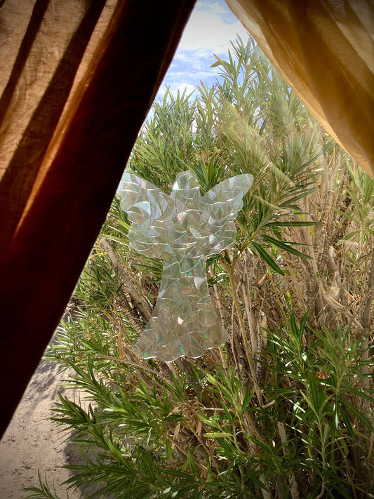 An Angel at my window cling, static cling Angel, Guardian Angel faux stainless glass, rainbow Angel, watching over you, suncatcher, prism
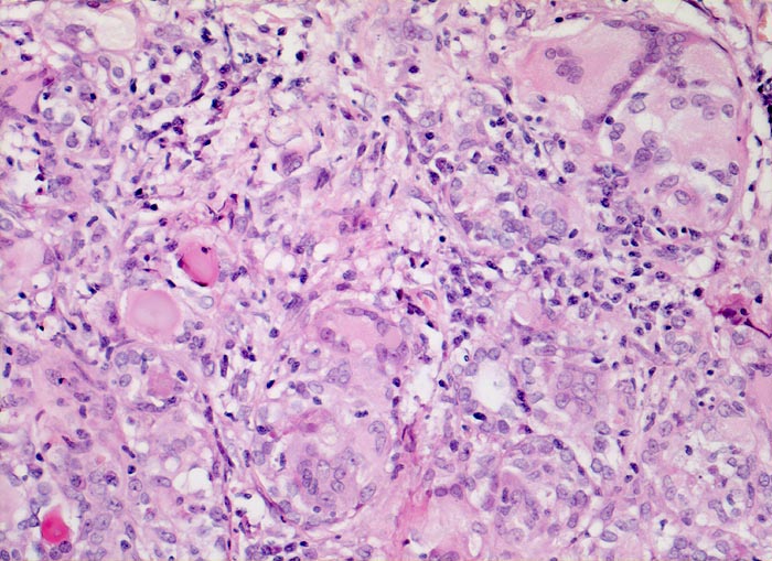 Granulomatöse Entzündung aus Riesenzellen und Lymphozyten. Dazwischen teilweise zugrundegegangene Follikel.
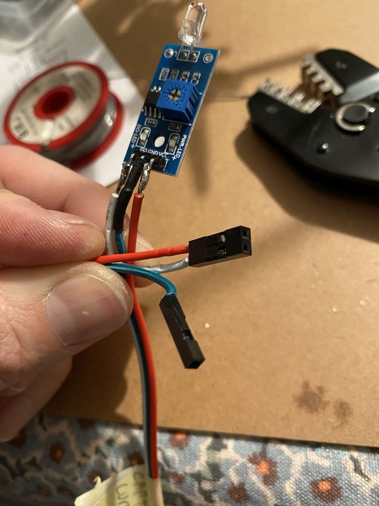 fixation d'un capteur de porte fermée placé en dessous de la rampe : sur tous les différents capteurs j'ai réalisé la mise en place de connecteur Dupont sertis soudés: et pour le capteur de luminosité qui doit être capable de voir la lumière du soleil sans être en contact avec l'humidité, j'ai récupéré une espèce d'éprouvette en plastique que j'ai retravaillé légèrement au décapeur thermique pour que le capteur rentre bien :
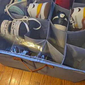 ·VERSATILE STORAGE SOLUTION: Not just for shoes, our multifunctional clost storage organizer can also hold clothing, blankets, socks, hats, toys, and other household essentials. Suitable for closets, entryways, bedrooms, living rooms, laundry rooms, garages, and campers. The shoe case bin meets a variety of storage needs, helping you to keep your home clean and tidy

## PROBLEM
Output only the lines running from the top of the data above to the line with "fixation d'un capteur", inclusive, word for word and without pictures.

## RESPONSE TO THIS TASK
 An Angel at my window cling, static cling Angel, Guardian Angel faux stainless glass, rainbow Angel, watching over you, suncatcher, prism
 Granulomatöse Entzündung aus Riesenzellen und Lymphozyten. Dazwischen teilweise zugrundegegangene Follikel.
 fixation d'un capteur de porte fermée placé en dessous de la rampe : sur tous les différents capteurs j'ai réalisé la mise en place de connecteur Dupont sertis soudés: et pour le capteur de luminosité qui doit être capable de voir la lumière du soleil sans être en contact avec l'humidité, j'ai récupéré une espèce d'éprouvette en plastique que j'ai retravaillé légèrement au décapeur thermique pour que le capteur rentre bien :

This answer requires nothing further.